XI
XI
Восторг наполнял мою душу, когда я возвращалась от Федора Михайловича. Помню, что всю дорогу я почти громко восклицала, забывая о прохожих:
— Боже мой, какое счастье! Неужели это правда? Разве это не сон? Неужели он будет моим мужем?!
Шум уличной толпы несколько отрезвил меня, и я вспомнила, что звана на обед к родственникам, которые праздновали именины моего двоюродного брата, Михаила Николаевича Сниткина. Я зашла в булочную (тогда кондитерских было мало) купить именинный пирог. Душа моя была полна восторгом, все казались добрыми и милыми, и всем мне хотелось сказать что-нибудь приятное. Я не удержалась и заметила немецкой барышне, продававшей пирог:
— Какой у вас чудесный цвет лица и как вы мило причесаны!
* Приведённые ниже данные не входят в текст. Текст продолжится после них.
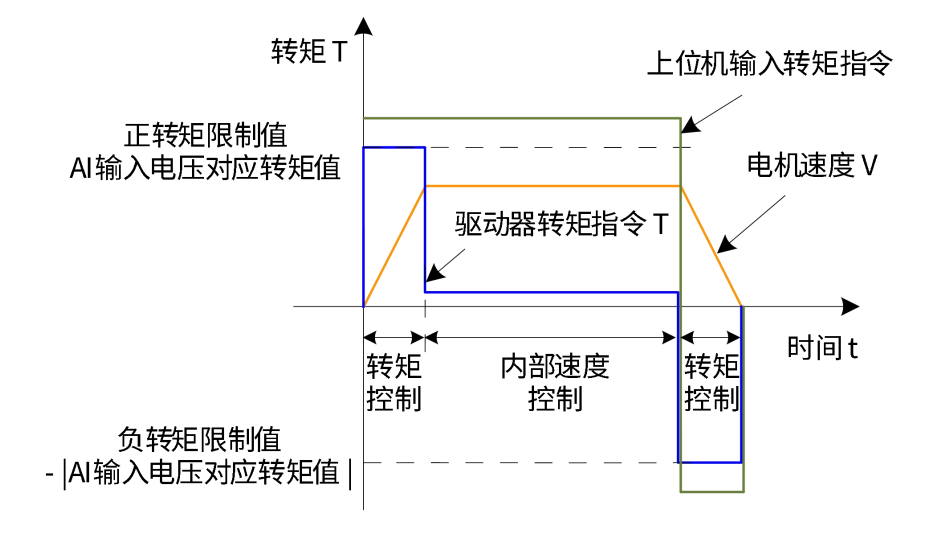 外部DI信号(FunIN.14)逻辑无效时,正转矩限制值由外部AI端子输入电压对应的转矩值决定;

У родственников я застала много гостей, но моей матери не было, хотя она обещала приехать к обеду. Меня это огорчило: мне так хотелось поскорее сообщить ей мою радость.
За обедом было весело, но я вела себя очень странно: то всему смеялась, то задумывалась и не слышала, что мне говорили; то отвечала невпопад и одного господина даже назвала Федором Михайловичем. Надо мною стали шутить, я отговаривалась жестокой мигренью.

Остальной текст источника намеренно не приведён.